*What this task involves:*
Only the stretch below from the line holding "- VIN: 1J4FY29P5WP805226" through the line holding "Но предварительно - пастельная" should be restated, word for word and with both ends included; pictures stay out.

*Provided data:*
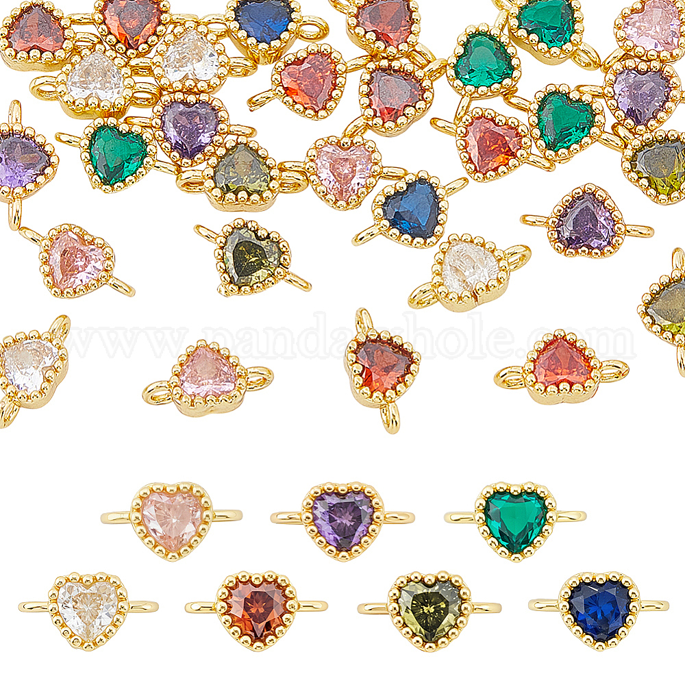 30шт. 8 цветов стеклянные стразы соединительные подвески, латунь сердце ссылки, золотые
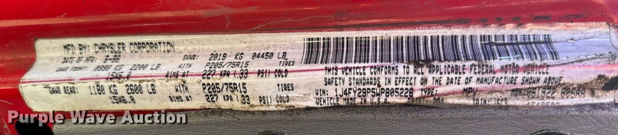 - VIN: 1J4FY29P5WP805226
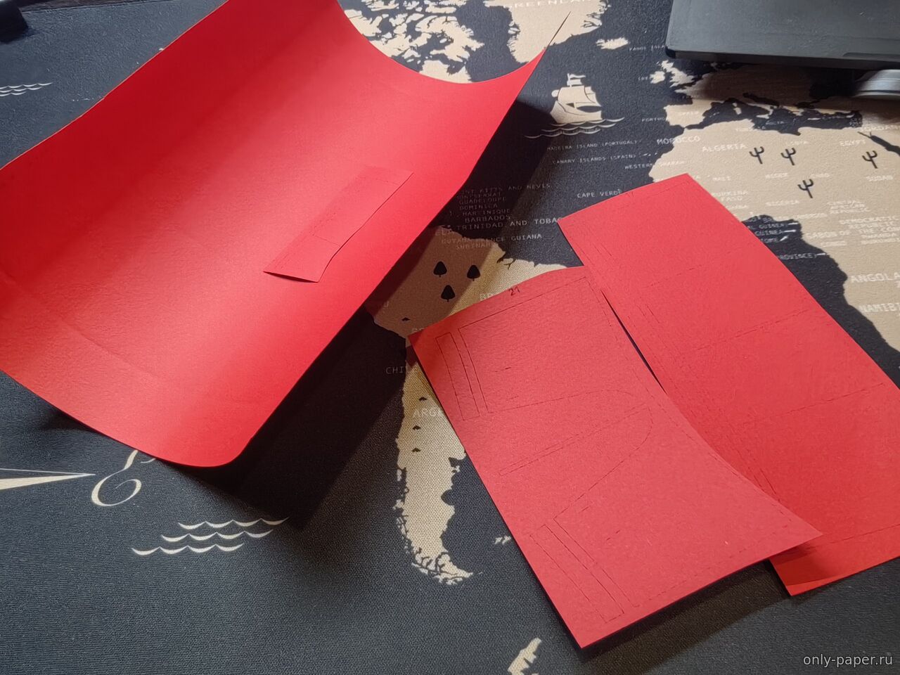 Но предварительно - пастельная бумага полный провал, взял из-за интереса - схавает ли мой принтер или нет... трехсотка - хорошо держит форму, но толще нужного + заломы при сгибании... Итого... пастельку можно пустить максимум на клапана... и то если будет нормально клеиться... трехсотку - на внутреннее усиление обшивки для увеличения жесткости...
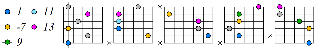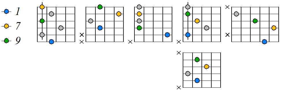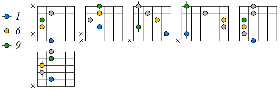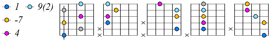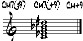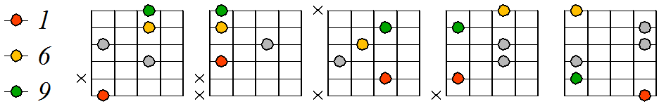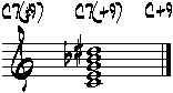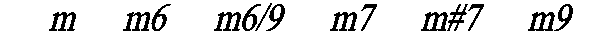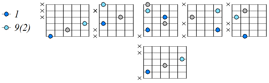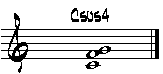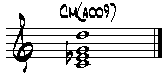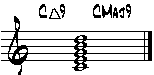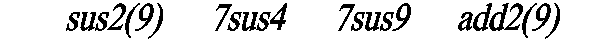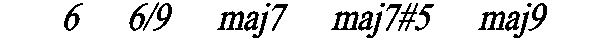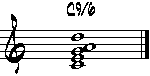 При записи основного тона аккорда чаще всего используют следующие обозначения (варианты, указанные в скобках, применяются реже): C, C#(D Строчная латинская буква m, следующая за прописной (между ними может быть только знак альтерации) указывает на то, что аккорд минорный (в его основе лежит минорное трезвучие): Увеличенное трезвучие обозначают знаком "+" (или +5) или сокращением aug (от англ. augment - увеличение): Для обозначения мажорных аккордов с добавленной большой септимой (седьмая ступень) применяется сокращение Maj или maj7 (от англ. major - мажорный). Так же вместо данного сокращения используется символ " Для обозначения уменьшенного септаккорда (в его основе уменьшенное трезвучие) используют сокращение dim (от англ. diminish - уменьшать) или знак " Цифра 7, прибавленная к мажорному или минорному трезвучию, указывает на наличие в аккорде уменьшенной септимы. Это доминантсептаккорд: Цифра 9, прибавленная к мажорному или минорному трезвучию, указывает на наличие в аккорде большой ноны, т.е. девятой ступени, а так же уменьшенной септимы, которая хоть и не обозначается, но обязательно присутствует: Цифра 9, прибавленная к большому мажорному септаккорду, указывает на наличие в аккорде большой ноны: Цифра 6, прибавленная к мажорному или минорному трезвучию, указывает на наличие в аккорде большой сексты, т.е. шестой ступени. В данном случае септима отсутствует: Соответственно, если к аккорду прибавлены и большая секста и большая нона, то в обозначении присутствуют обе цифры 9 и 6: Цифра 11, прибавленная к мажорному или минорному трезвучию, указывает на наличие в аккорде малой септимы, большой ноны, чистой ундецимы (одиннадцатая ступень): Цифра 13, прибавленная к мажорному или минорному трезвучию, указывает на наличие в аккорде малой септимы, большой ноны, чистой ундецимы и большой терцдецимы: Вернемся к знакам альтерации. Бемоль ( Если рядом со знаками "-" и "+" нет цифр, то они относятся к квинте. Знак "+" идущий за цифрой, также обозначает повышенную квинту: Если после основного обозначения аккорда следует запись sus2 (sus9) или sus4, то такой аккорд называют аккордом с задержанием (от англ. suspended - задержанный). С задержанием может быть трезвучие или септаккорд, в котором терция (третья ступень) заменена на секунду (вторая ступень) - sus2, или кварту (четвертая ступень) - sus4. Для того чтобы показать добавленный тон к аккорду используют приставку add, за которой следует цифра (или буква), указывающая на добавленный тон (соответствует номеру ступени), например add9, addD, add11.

*Solved problem:*
 - VIN: 1J4FY29P5WP805226
 Но предварительно - пастельная бумага полный провал, взял из-за интереса - схавает ли мой принтер или нет... трехсотка - хорошо держит форму, но толще нужного + заломы при сгибании... Итого... пастельку можно пустить максимум на клапана... и то если будет нормально клеиться... трехсотку - на внутреннее усиление обшивки для увеличения жесткости...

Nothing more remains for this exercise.